NUCENG said:
Iodine-131 and cesium-137 have an intial ratio of about 8-1 per one of my prvious posts. Cesium is a metal. Iodine can form particulates or emege as a gas. Cesium is a metal and non-volatile so it would normally stay in the coolant and probably inside containment. Depending on the transport path the inital ratio at the point it is being meaured could be drastially different.
After a month the total actity of Iodine shoud have dropped by about a factor of 16. Your two graphs are just over a week apart or about one half life. The logarithm of 0.5 is -0.3. So the levels on the later graph should be about 1/3 of a decade lower. That looks about right to me.
The large majority (APPROX 95%) of iodine released from damaged fresh fuel will form CsI cesium iodide. This is a particulate wthat tends to form larger clumps as particle sizes increase it woll settle out as surface contamination. It is also very soluble in water, but will plate out if the water evaporates. If boiled smaller particles of CsI can be carried with the steam or water vapor. Seawater is slightly basic. However if the pH drops below 7 (acidic) the iodine will be re-evoved as gaseous I2 and would rapidly drop the proportion of Iodine. As long as the pH is basic the CsI will stay in solution.
For further info look up NUREG-1465.
Hope that is clear. The short answer is the graphs appear to be consistent with iodine decaying faster than the cesium. If iodine suddenly increased in air samples it could indicate reevolution of iodine gas, not recriticality.
Another good source of information is NUREG/CR-5732, Iodine Chemical Forms in LWR Severe Accidents
http://pbadupws.nrc.gov/docs/ML0037/ML003726825.pdf
However, I believe the interpretation of the activity data is made murky by the use of seawater (salt water) which complicates the chemical forms and their distribution.

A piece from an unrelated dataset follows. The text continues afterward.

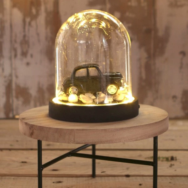 Cloche en verre lumineuse avec socle en bois pour la déco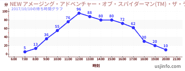 • NEW アメージング・アドベンチャー・オブ・スパイダーマン(TM)・ザ・ライド 4K3D$B$N(B2017年10月10日の待ち時間

Use of seawater in the primary system was not forseen, and as far as I know, has not been analyzed.
Determining the quantity of failed fuel is difficult because of the use of seawater - probably higher corrosion of the fuel (which is consistent with an observation that the hydrogen generation is enhanced in the presence of seawater) and the uncertainty with respect to the water level in the cores during the period March 12 - present.

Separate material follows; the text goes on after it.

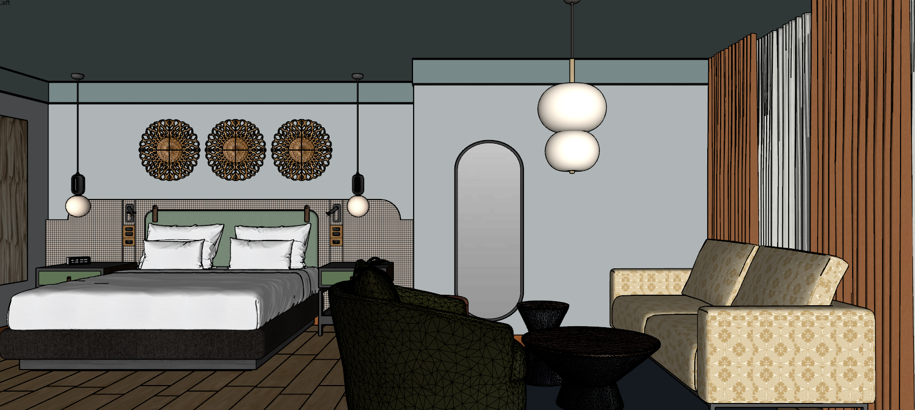 interior shot this room showcases a cozy and contemporary design with warm natural accents the bed is the focal point featuring a sage green upholstered headboard flanked by hanging globe pendant lights with opaline finishes that emit a soft warm glow above the bed three circular decorative pieces made from natural fibers add texture and an artisanal touch to the right there s a seating area with a two seater sofa upholstered in beige fabric with a subtle geometric pattern paired with two black textured coffee tables facing this setup a high back armchair in deep forest green adds contrast and depth to the palette the side wall features a large vertical mirror with a dark frame visually expanding the space and reflecting the light the window treatments combine a sheer white curtain with heavier terracotta colored panels suspended from a wooden slatted divider that also acts as a partial screen the light wood flooring enhances the room s warmth while the use of darker accents in the lighting tables and framing brings balance to the composition altogether the space exudes a serene elegant and comfortable atmosphere perfect for rest and relaxation architecture

New breaches would change the ratios of nuclides present. Short half-lived radionuclides continually decay away, so the ratios of short-lived to long-lived isotopes should be decreasing.
Recriticality could be possible only if sufficient fuel was configured in some volume with water (moderated), but in the absence of competing neutron absorbers, e.g., B-10. An indication of recriticality would be a sudden increase in short-lived radioisotopes, e.g., Xe-138 and Xe-135 compared to Xe-133, or increases in I-132 and I-134 compared to I-131, 133, 135.
On the other, if the recriticality event lasts on the order of seconds or minutes, then the new inventory of short-lived fission products may not be very substantial, because the time is short and the power is low (the reactor would go critical from decay heat/power conditions).